For per-flag semantics see QUERY-LANGUAGE.md. For the architectural concepts behind these recipes see ARCHITECTURE.md.

API maturity note. Recipes below mix shipped and target API. Much of the core is now live: the composite position predicates (--queens-off, --bishop-pair, --doubled-pawn, --isolated-pawn, --passed-pawn, --rook-on-seventh, --rook-on-open-file, --king-castled, and --count EXPR), side/window quantifiers, 1-step-past edges (--became/--ceased), in-engine boolean composition (AND via --cond/--and, OR via --or, NOT via --not), bitmap I/O (--output/--input-bitmap), and the standalone bitmap-combine. Still aspirational and labeled inline below where used: --subfen (arbitrary sub-position matching) and the aggregation reducers (square-heatmap, match-record streaming). The v1 source (archived at experiments/c-explorer/old/score-scan-v1.c) remains the reference for predicate semantics still being ported. See ROADMAP.md for the current implementation status.

Throughout, $CORPUS refers to your indexed corpus, e.g. lichess_2017-02.20260524-153045.scoredb.

Terminal window
# One-time: index a PGN. Output goes into a timestamped .scoredb directory.
indexer lichess_2017-02.pgn
# Look at what got produced (just inspect the directory directly).
ls -lh lichess_2017-02.20260524-153045.scoredb/
cat lichess_2017-02.20260524-153045.scoredb/meta

The indexer prints summary stats, shard counts, and the path of the created .scoredb. Save the path for subsequent queries.

For convenience, assign it to a variable for the examples below:

Terminal window
CORPUS=lichess_2017-02.20260524-153045.scoredb

“What’s the world play after 1. e4 c5 in this corpus?”

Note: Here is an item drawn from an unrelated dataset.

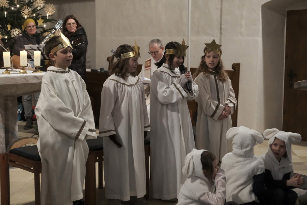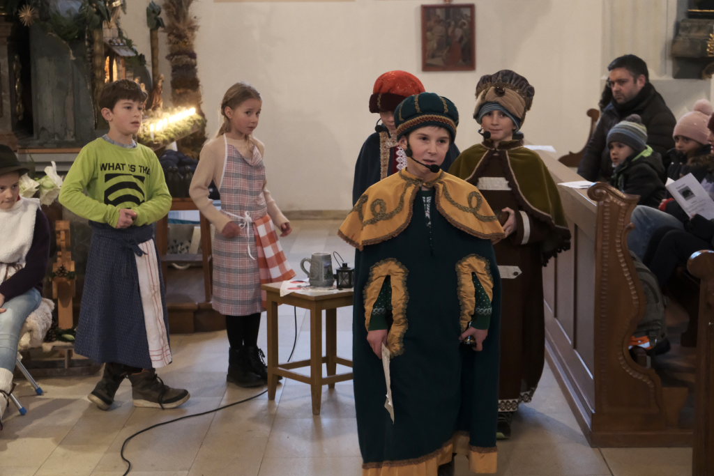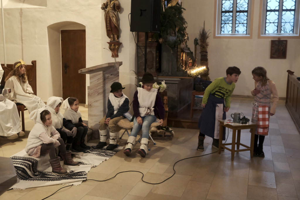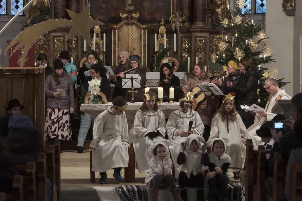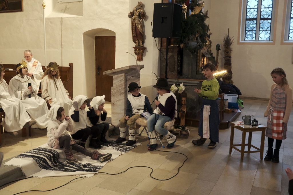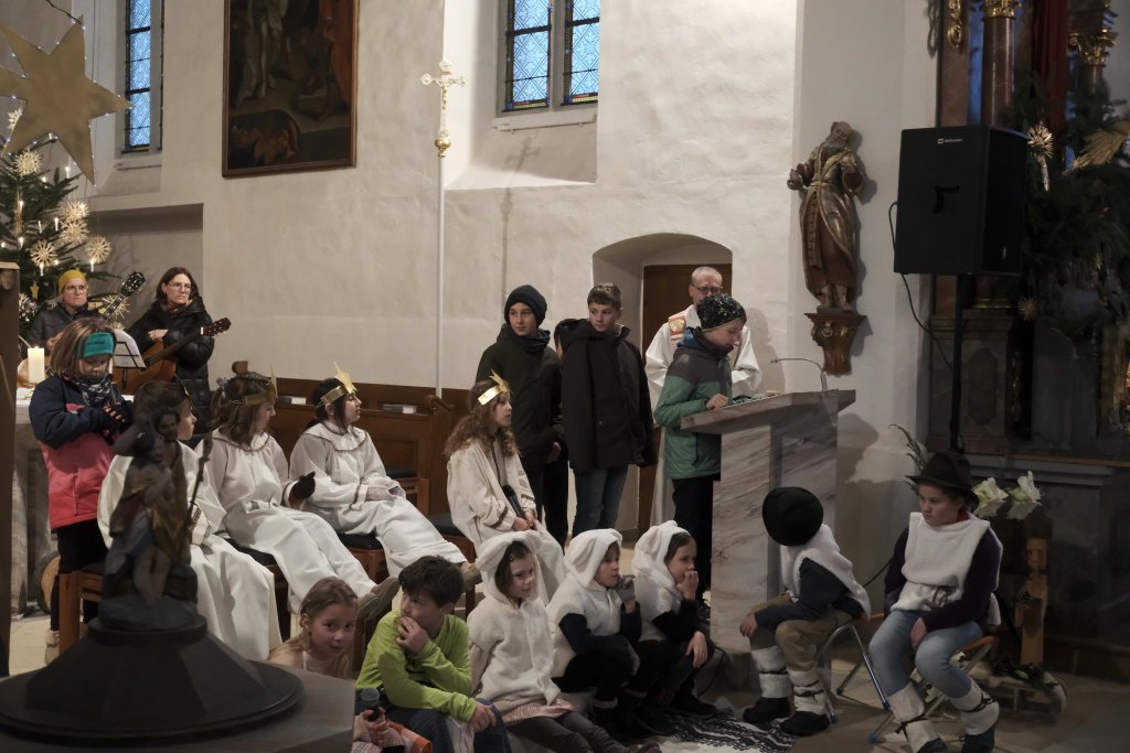 Unterschwarzach – In jeder der zehn Kirchengemeinde der Seelsorgeeinheit Bad Wurzach wird an Heiligabend von Schülern ein Krippenspiel in Verbindung mit einem Wortgottesdienst aufgeführt, so auch in der Kirche St. Gallus in Unterschwarzach, wo die 3. Klasse der Grundschule gemeinsam mit der Singgruppe der Kirchengemeinde beim von Pfarrer Patrick Meschenmoser zelebrierten Wortgottesdienst das Weihnachtsgeschehen darbot.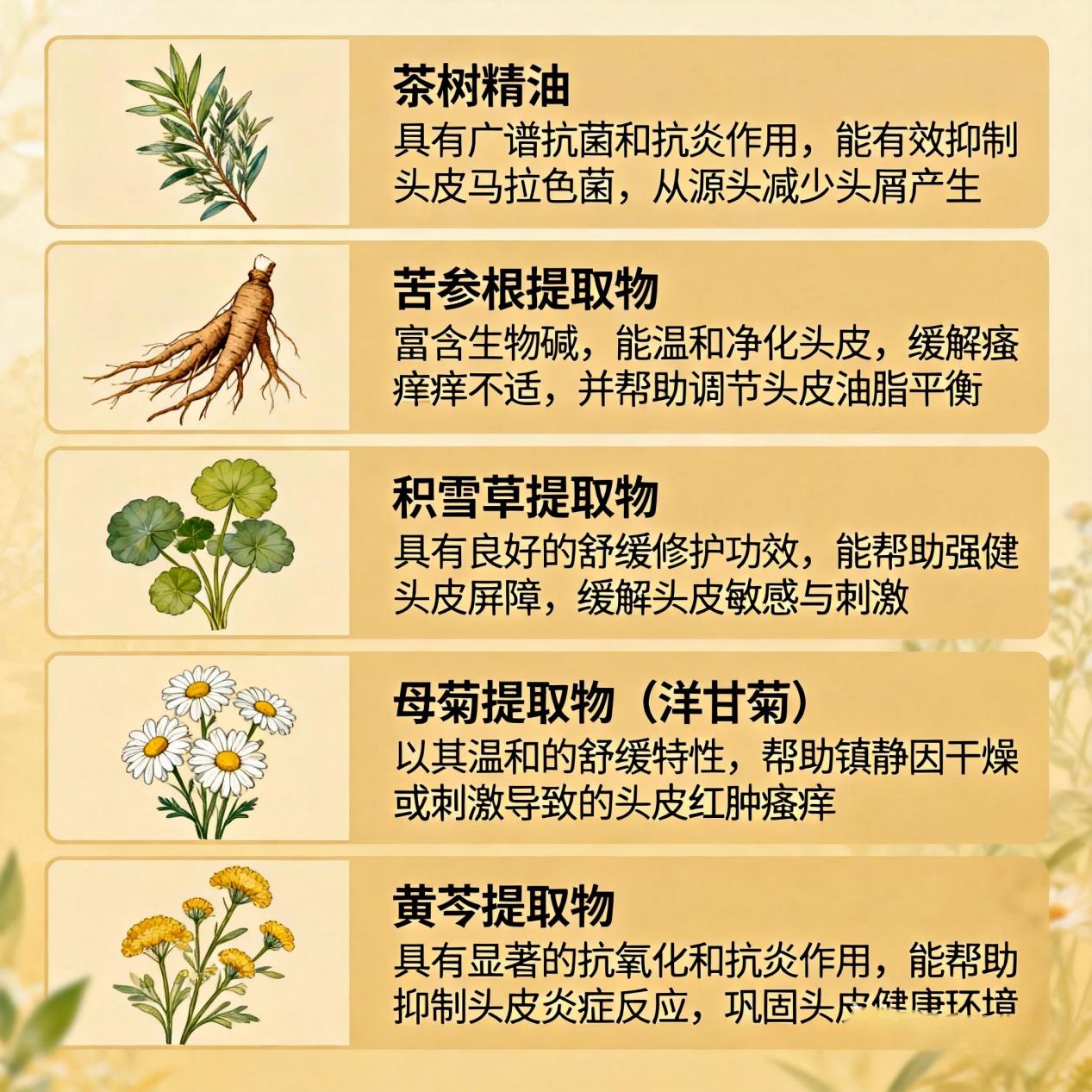 核心痛点适配:中度头屑、出油快、发丝毛躁,适合喜欢草本配方的人群。

The classic opening-explorer question. For an unfiltered look at the full corpus, query the persisted move tree directly:

Terminal window
# Position after 1. e4 c5: ask for the moves played from here and counts.
explorer $CORPUS --fen "rnbqkbnr/pp1ppppp/8/2p5/4P3/8/PPPP1PPP/RNBQKBNR w KQkq - 0 2"
# g1f3 1432104 games (W:51.2% D:4.3% B:44.5%)
# d2d4 345287 games (W:47.8% D:5.1% B:47.1%)
# ...

Result lookup is ~0.15 ms at 10 M-game scale; the entire tree (tree.dat) is mmapped at startup. Output is UCI today (SAN is on the roadmap).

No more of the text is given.